Charming isn’t exactly a word I’d use to describe Holden Knight and yet here he is, being just that. And who could have guessed that when he turned it on, it would make him even more devastating than he already was?
“Can I have your asshole nature and my bar back, please?” The tug of war continues, except it seems like I’m the only one that has to put any effort into it.
“Why? I rather like this conversation we’re having. You’ve yet to think I’m an asshole or a prick—at least that’s a guess considering I caught you ogling me a few minutes ago. I’d say we should keep this going.”
“I wasn’t ogling you.”
He snorts. “I’ll let you think that so you can keep your pride intact. It’s better for our working relationship that way.”
“Why are you following me?”
“I’m not.”
“How did you know I was going to be here?”
“I didn’t. Like you, I prefer ‘in, out, and done.’ Maybe a little more added pleasure in there for good measure between the ‘in’ and the ‘out’ parts, but that’s just personal preference.”
“Are you drunk?”
“While working out?

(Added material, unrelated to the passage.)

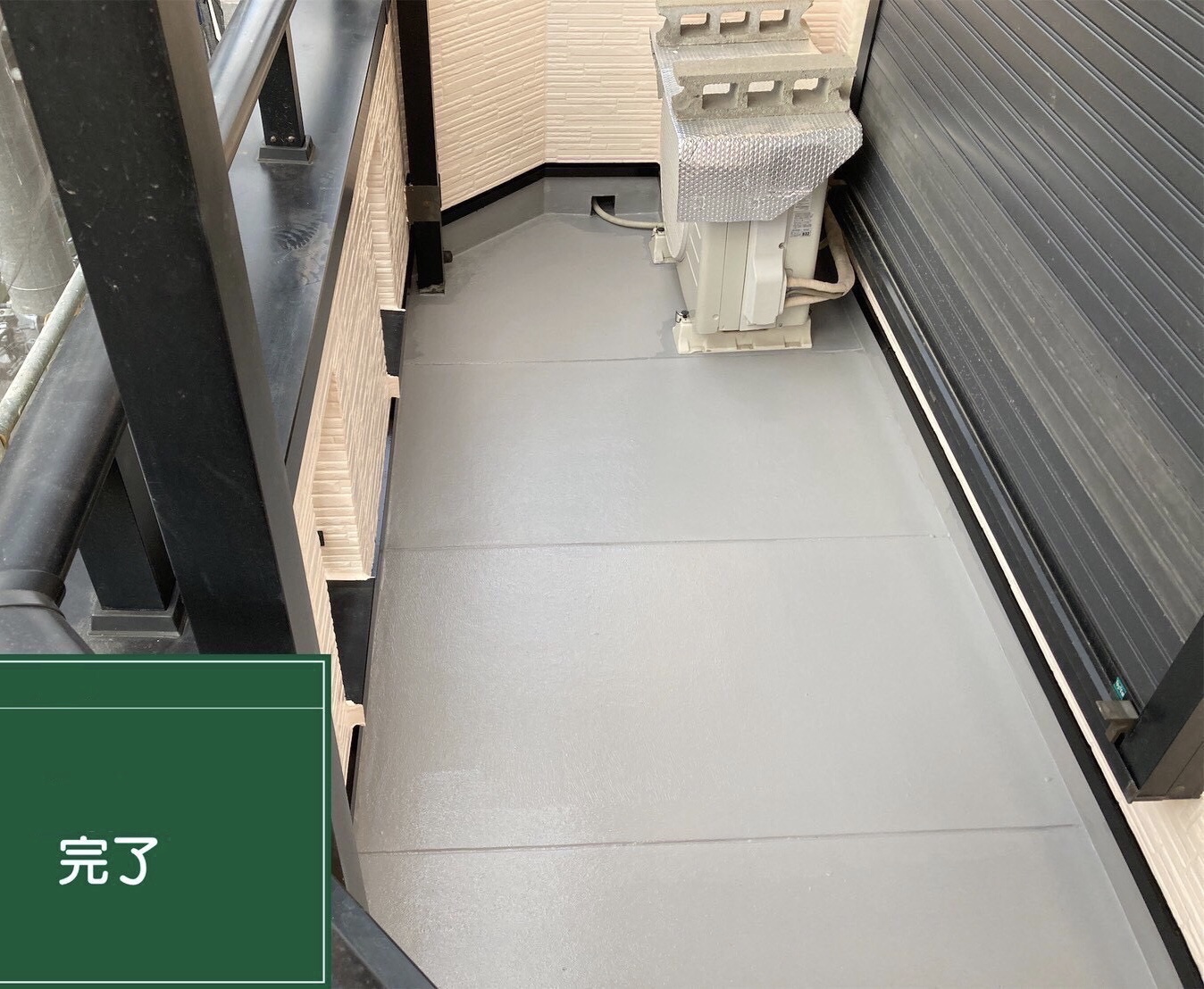 経年劣化により防水機能が低下していたベランダ床面の防水工事を行いました。 下地処理後、プライマー・防水材を塗布し、防水層を再形成しています。 仕上げまで丁寧に施工し、雨水の浸入リスクを解消しました。

That’s counterproductive.”
“Then what is wrong with you?”
“Nothing.” He grins. “Maybe I’m just finding my footing.”
Or maybe you’re using reverse psychology on me so that I start to like you.

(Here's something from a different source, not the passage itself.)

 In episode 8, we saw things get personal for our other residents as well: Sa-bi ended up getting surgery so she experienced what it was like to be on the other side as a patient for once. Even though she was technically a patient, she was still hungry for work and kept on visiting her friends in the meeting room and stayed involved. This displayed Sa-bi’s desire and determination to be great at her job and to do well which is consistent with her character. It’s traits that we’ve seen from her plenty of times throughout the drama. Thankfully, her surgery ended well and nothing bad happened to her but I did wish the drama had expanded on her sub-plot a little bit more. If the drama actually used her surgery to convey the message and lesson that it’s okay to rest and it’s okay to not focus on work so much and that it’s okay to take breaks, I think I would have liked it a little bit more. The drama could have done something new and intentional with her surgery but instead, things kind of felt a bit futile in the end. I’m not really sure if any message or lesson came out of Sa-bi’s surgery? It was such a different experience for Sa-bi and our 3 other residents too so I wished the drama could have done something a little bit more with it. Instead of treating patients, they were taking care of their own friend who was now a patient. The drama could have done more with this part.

The problem? It’s working.
“Are you sure you don’t want me to spot you? I mean, this bar is going to feel pretty heavy once I let go.”
I hold tight to my anger because I don’t want his charm to work. This time when I try to take the bar and say, “I’m fine,” Holden lets me.
I struggle under its weight, my arms tired and my head not as focused as it should be. But I am determined not to show it as Holden stands there and watches me struggle through five more reps.
I refuse to let him think I’m weak.
And when I rack the bar and let my arms collapse to my sides, he chuckles. “Great job. Now tell me in the morning when you’re unable to move your arms because they’re so sore that not accepting help was worth it.” He gives a nod and then heads back over to his own workout without another word.
I sit up and stare after him. Annoyed. Irritated. Confused. Needing to look away as he does squats on the rack but finding it hard to.
“Weak woman,” I mutter to myself. A great body doesn’t negate who he is and what he stands for.
As if on cue, Holden glances my way and flashes yet another grin that has me turning my back to him so I can concentrate.
But there are mirrors. Everywhere there are freaking mirrors to the point that I have to look at the floor to avoid seeing him.
Why does he have to be in my space here too?
I storm through the rest of my lifting regimen with no shortage of huffs and puffs that do nothing to make me less irritated, but I do them nonetheless.
My only saving grace is that when I’m finished and head to the locker room to grab my stuff, Holden Knight is nowhere in sight.
At least there’s that.
But my relief is short-lived when I head out to the parking lot and find him leaning against the back of some sporty SUV that’s parked next to mine. His legs are crossed at the ankles, and his head is down as he types something out on his phone. But he doesn’t miss a beat looking up when he hears my footsteps stop and the unhindered groan fall from my lips.
“Here’s what I don’t get, Sunshine,” he says as if I want to be a participant in this conversation.
“What’s that?” I cross my arms over my chest and hate him for being so damn good-looking.
“How you can stand up to me without a second thought, but you don’t say a fucking word to your brother when he disrespects or discounts you?”
“What are you talking about?” I ask but know I could name numerous things he could be referring to.
“Today. Yesterday. Last week. Do you really want me to recount the various ways your brother has treated you terribly or is currently trying to fuck you over?”
I roll my shoulders. It’s bad enough that Rhett feels entitled to act that way. It’s even worse that I’ve gotten so used to it and know that nothing is going to change, that I let it roll off my back most days. In my master plan, I’d get my ultimate fuck-you to my brother when I take the company from him after convincing the board to pass a no-confidence vote. But for now, it’s downright humiliating being called on the carpet by a man I need to think highly of me.